Clap When You Land(13)



Clearly, I made a lot of assumptions.

I’ve always looked at my parents & seen exactly what they’ve shown me. I could not imagine them as real humans

who lied. & kept the truth. From each other.

From me.

This year, I did not ask.

I did not want to sit across from my father.

Not to play chess, not to share a meal.

Not to ask if I could join him

on a trip to the Caribbean

when I already knew

way more than I should

about the answer he would give me, about the answers he would not.

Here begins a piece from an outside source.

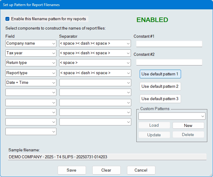 Filenames - Setup default filename patterns for eForms reports; three defauls patterns are provided, and you can also createa pattern to suit your needs

I was raised so damn Dominican.

Spanish my first language, bachata a reminder of the power of my body, plátano & salami for years before I ever tasted peanut butter & jelly sandwiches.

If you asked me what I was, & you meant in terms of culture, I’d say Dominican.

No hesitation,

no question about it.

Can you be from a place

you have never been?

You can find the island stamped all over me, but what would the island find if I was there?

Can you claim a home that does not know you, much less claim you as its own?





Camino Yahaira


Five Days After


Papi had stubby fingers with the tip of one missing from where a machete slipped one July day while he was cutting me a mango in the backyard.

His skin where the nail used to be is the same dark color as the mahogany chess pieces he played with.

(He tried to teach me the game

but I kept trying to include my Barbies in the battle.) People barely noticed the missing fingertip, until you shook—in my case, held—his hand & could feel the shortened pointer finger.

Not that he tried to hide it. Papi wore his fat gold rings & gestured with every word he said.

& held a cigar to his mouth with the missing finger pointing upward.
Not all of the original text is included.